I do a Wal-Mart talk to there invoice dept at the walmart you are interested in


----------



## DavidF250

the Walmart here doesnt own the land but they built the building so hen they leave the building stays and the owner of the land gets a free building


----------



## mullis56

After reading all about a lot of these Wal-Marts. Is the best approach to do some online approval package before selling to the individual store managers? Or does the online approval process even matter? I know of a contractor that has a Wal-Mart and I know for sure (almost 100%) that he didn't do the online corporate approval process. Any help and insight would be greatly appreciated.
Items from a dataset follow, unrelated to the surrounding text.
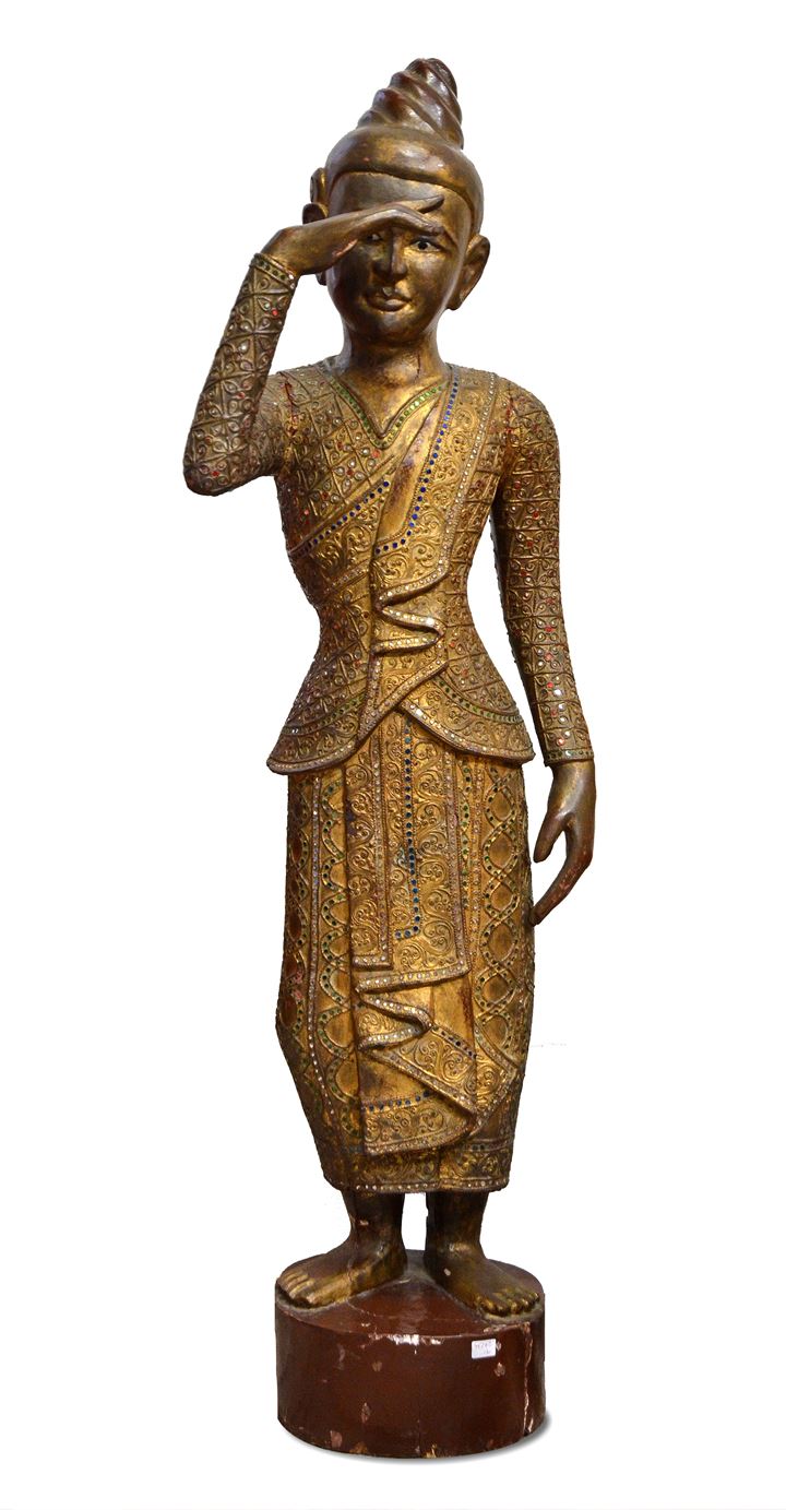 SCULTURA THAILANDESE In legno laccato e intagliato con applicazioni,...
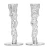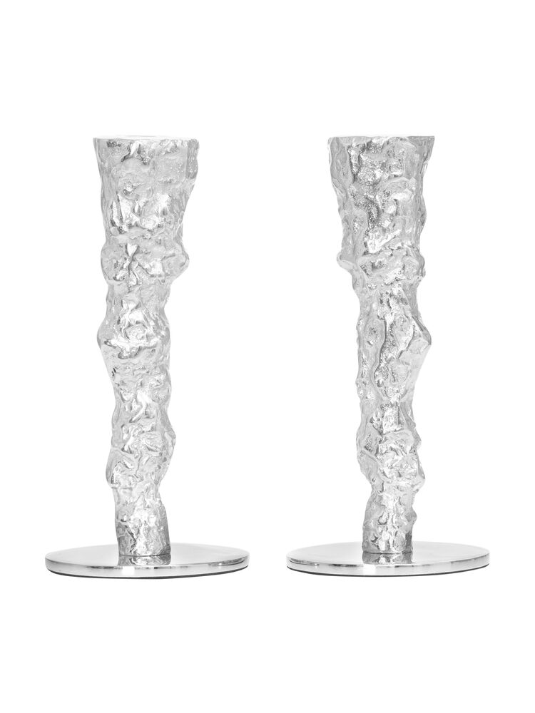 To lysestaker med stilrent, tvunnet design i aluminium med ståldetaljer. Dette gir dem et sofistikert og moderne uttrykk. De er ideelle for å gi interiøret ditt et stilig preg og skape en varm og innbydende atmosfære.
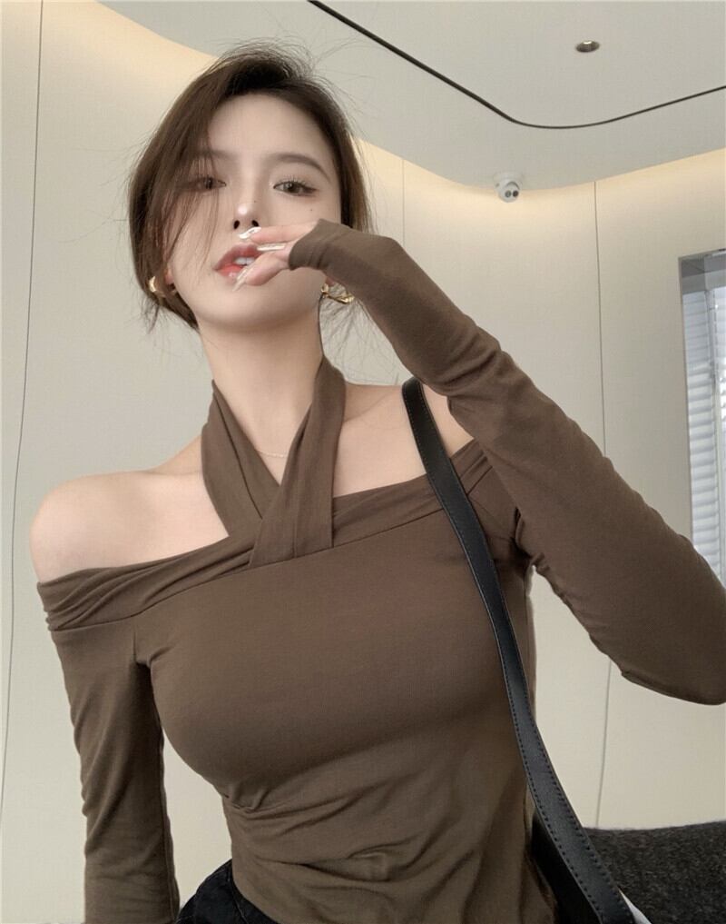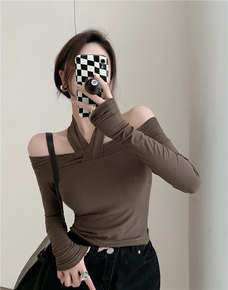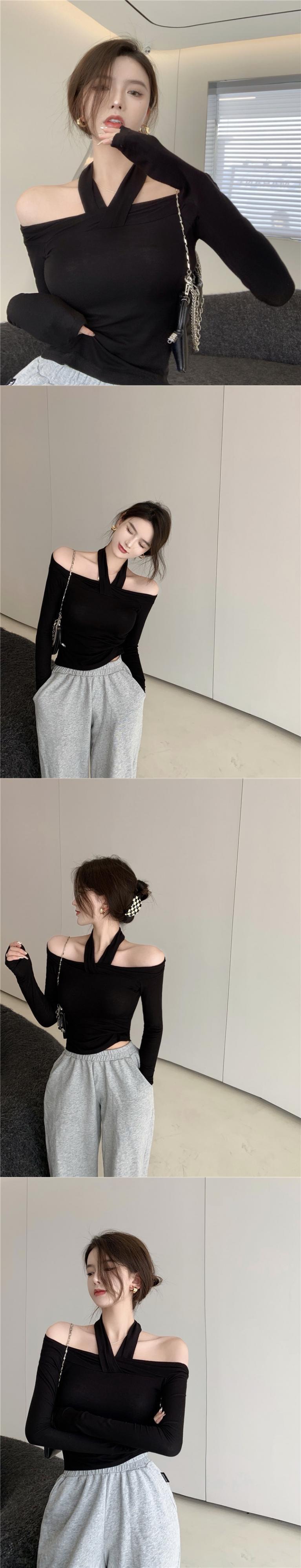 ストラップレススリムTシャツ オータムスタンダードショートブラックトップス ロング レトロ 秋物 ピュア YY-ファッション50541117884

Thanks!


----------



## mullis56

No one can help! I get it your all out working or resting to go working.


----------



## LwnmwrMan22

I'd respond, but the comment that I would make would only have you respond with more negative PM's.


----------



## kickin'a

*Wal-Mart*

Well! I will help you, I have one of them Wal-Mart contracts they called me to see if I would even do it. The guy that had it was not doing a very good job and had older equipment and not reliable at all. So to answer your question....... the Wal-Mart manager on site will most likely handle the snow accts. regarless of what power says they do own there own stores. all of them I dont know but would guess they would. After the manager decides who they want to plow after checkking to see if you have the manpower and equipment to even o a store or a super center then it gets approved by the district manager then you get approved through Wal-Mart Corp to be a approved vendor for Wal-Mart and you better have your business in order because they will research you. you wont see any newbies or want to be snow plowers doing a Wal-Mart store. Hope this helps.


----------



## sparky8370

About 12-13 years ago when I worked for my cousin, there was a wal-mart up for bid. They knew the guy that had the account was screwing them, so they dropped him. My cousin put it a bid for $100 or $150,000. The old guy had it at $250,000. It was looking good for my cousin, then all of a sudden the old guy got it back. Turns out one of his relatives worked at the store and that's how he got the job in the first place. Don't know if he actually lowered his price or not, but it seems the more important thing was who he knew.


----------



## kickin'a

*price?*

i hope that priice your refering to is not per yr?


----------